# [How to complete this task]
Exactly as written, reproduce the lines from the beginning of the data through the line containing "A Collection Of"; the pictures are not reproduced.

(The records)

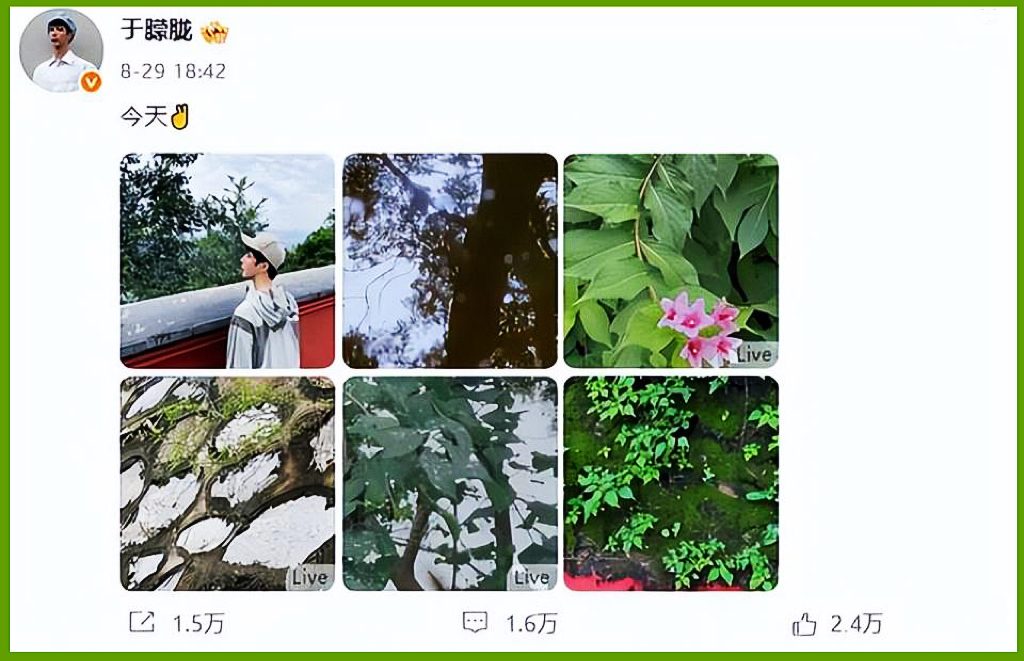 于朦胧最后一次公开露面是在8月29日,当天他分享了几张风景照,并晒出了自己的一张侧面照,照片中的于朦胧虽然一如既往的阳光帅气,但是身体消瘦了很多,尤其是面部瘦得跟之前的他相比简直判若两人。
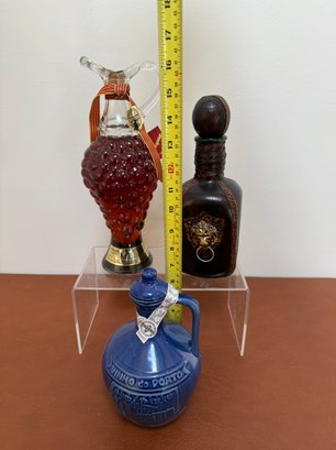 A Collection Of Three Decorative Wine And Spirit Bottles, Including A Grape Decanter And A Port Jug.
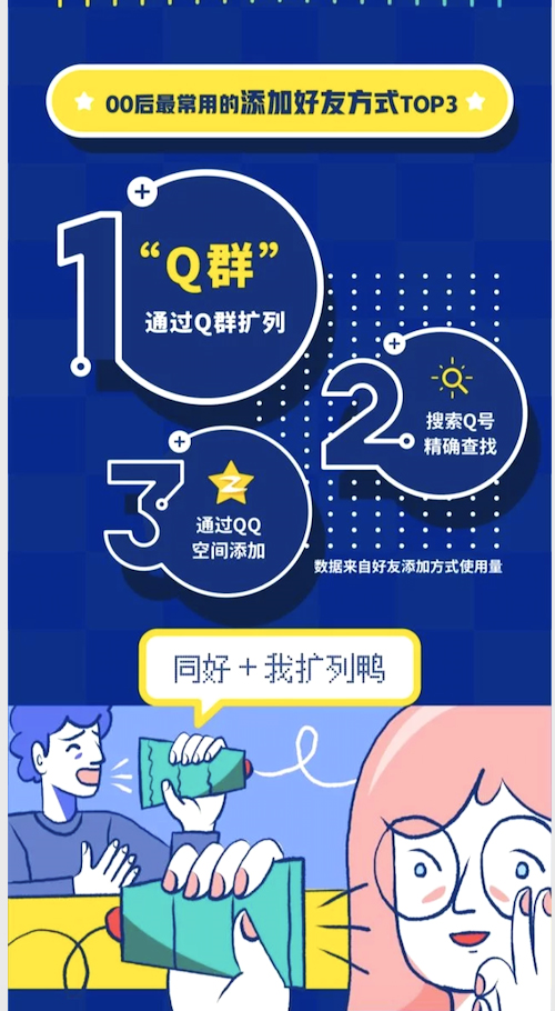 基于QQ平台,Z世代都喜欢扩列(即扩充好友列表),他们根据兴趣爱好结交朋友。资料显示,QQ扩列分二次元和三次元。前者结合动漫、古风音乐等二次元文化成为群组,后者通常以增加好友数量、个性签名、说说和日志的点赞为目的。
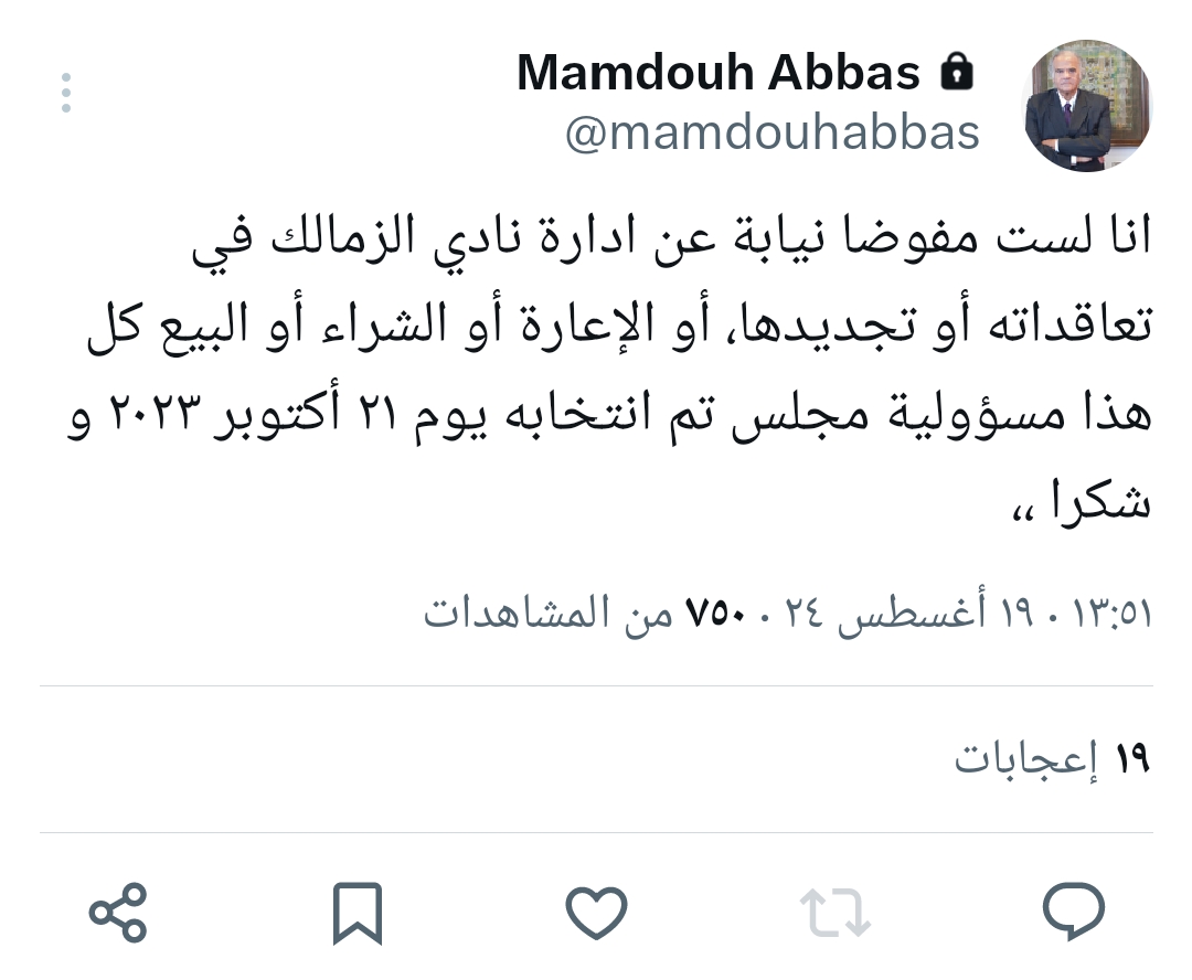 وكتب عباس في تغريدة عبر منصة x: أنا لست مفوضا نيابة عن إدارة نادي الزمالك في تعاقداته أو تجديدها، أو الإعارة أو الشراء أو البيع.. كل هذا مسؤولية مجلس تم انتخابه يوم 21 أكتوبر 2023 وشكرا.
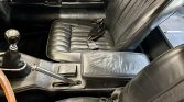 The cabin features bucket seats upholstered in Black leather along with a color-coordinated center console, door panels, and carpets. Interior appointments include an AM/FM radio, a locking glovebox, and a heater. Work performed in 2024 is said to have included cleaning the fuse block and headlight switch and replacing the clutch pedal spring, four-way flasher relay, and seatbelt emblems.
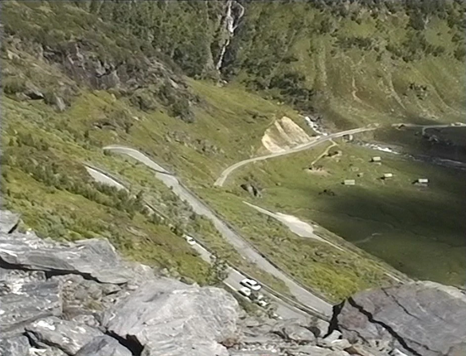 Multiple hairpins from the Myrkdalen viewpoint, 34.9 miles from Balestrand, 735 m.
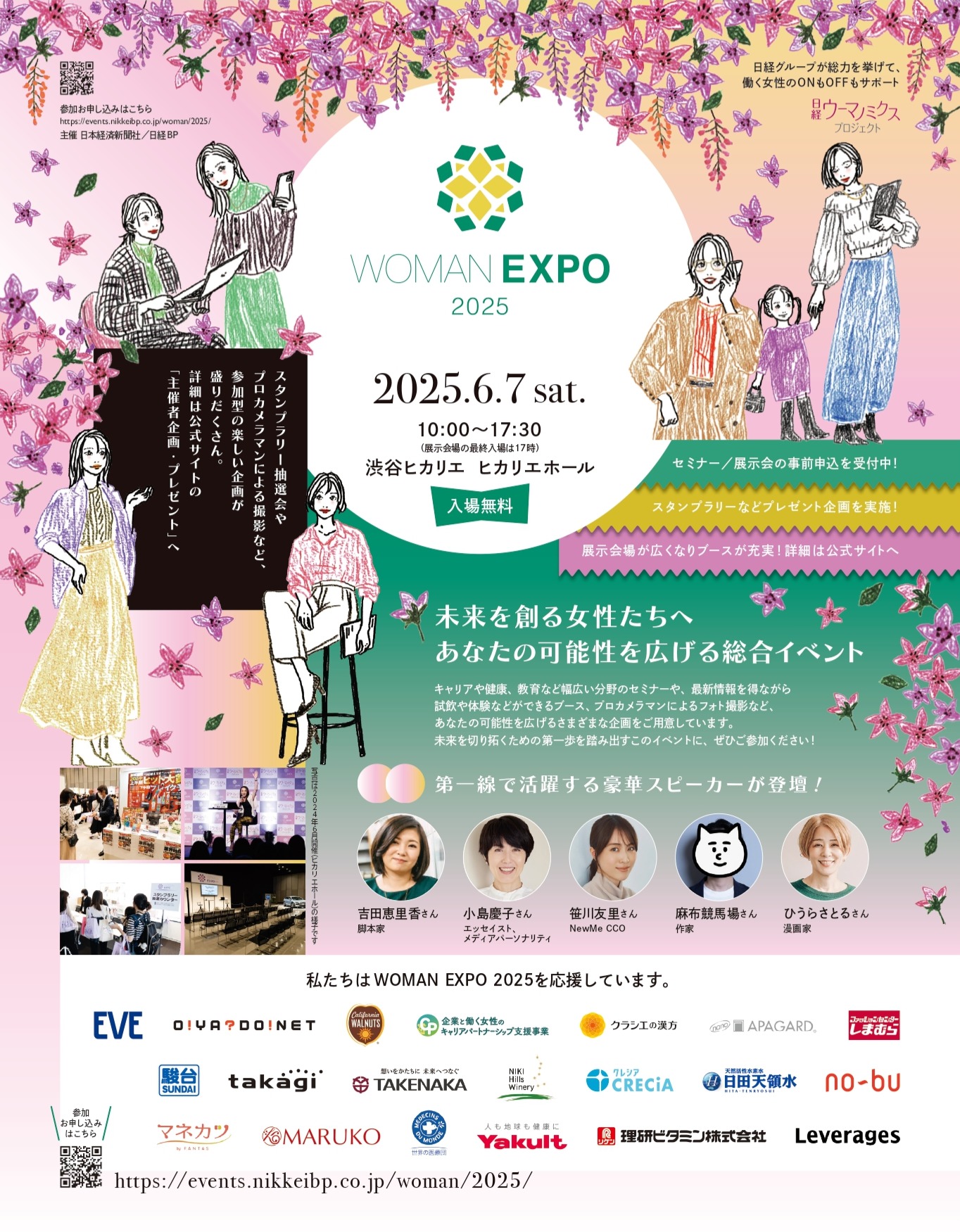 WOMAN EXPOは入場無料ですが、ご来場予定の皆様は公式サイトからの事前申込(セミナーもしくは展示会入場)が必要となります(→ https://events.nikkeibp.co.jp/woman/2025/)。新着情報や、各種プログラムの詳細、各展示ブースの出展内容の詳細についても、公式サイトをご覧ください。
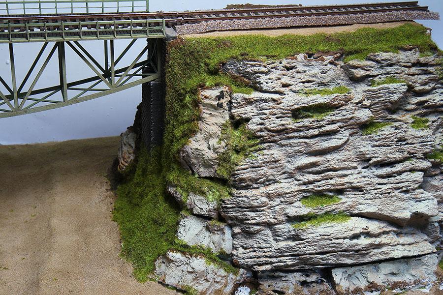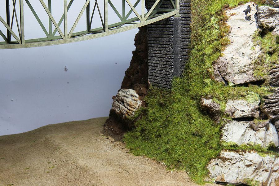 조소냐 아크릴 로 땅색 으로 만들어 전체적 으로 페인트 붓 으로 칠한 다음 Noch 잔디 2.5mm 낮은 잔디 로 바위 주변 의 풀지대 를 만들어 주었습니다.
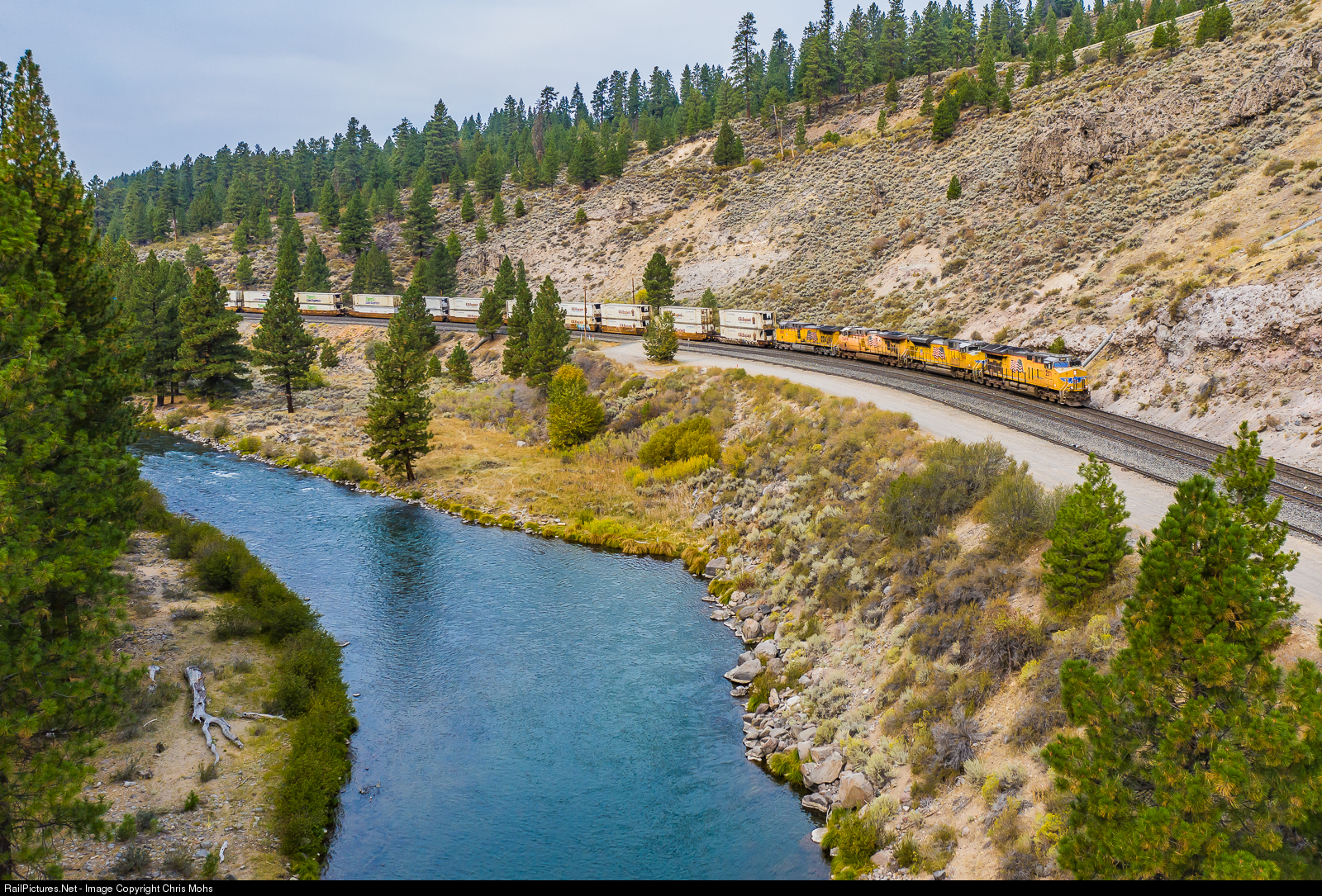 Union Pacific ET44AH no. 2571 and it's Stacks drop eastbound down the Truckee River Canyon to Nevada, leaving the Sierra Nevada Mountains and Donner Pass in it's wake.
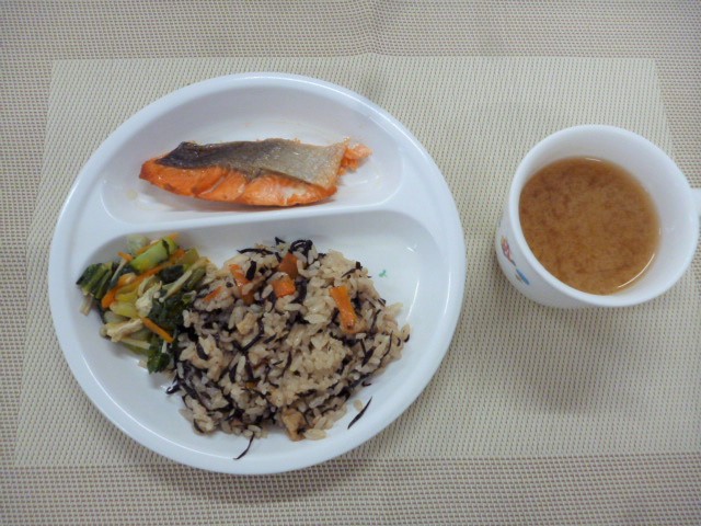 令和4年10月4日(火)の献立 2022/10/04 今日の給食は、「ひじきごはん」、「鮭の塩焼き」、「チンゲン菜とあげの煮浸し」と 「じゃがいものみそ汁」 おやつは、「牛乳」、「お好みマカロニ」と「こんぶ」です。 ★おやつの「お好みマカロニ」は新メニューです🍴

(End The records)

# [The answer]
 于朦胧最后一次公开露面是在8月29日,当天他分享了几张风景照,并晒出了自己的一张侧面照,照片中的于朦胧虽然一如既往的阳光帅气,但是身体消瘦了很多,尤其是面部瘦得跟之前的他相比简直判若两人。
 A Collection Of Three Decorative Wine And Spirit Bottles, Including A Grape Decanter And A Port Jug.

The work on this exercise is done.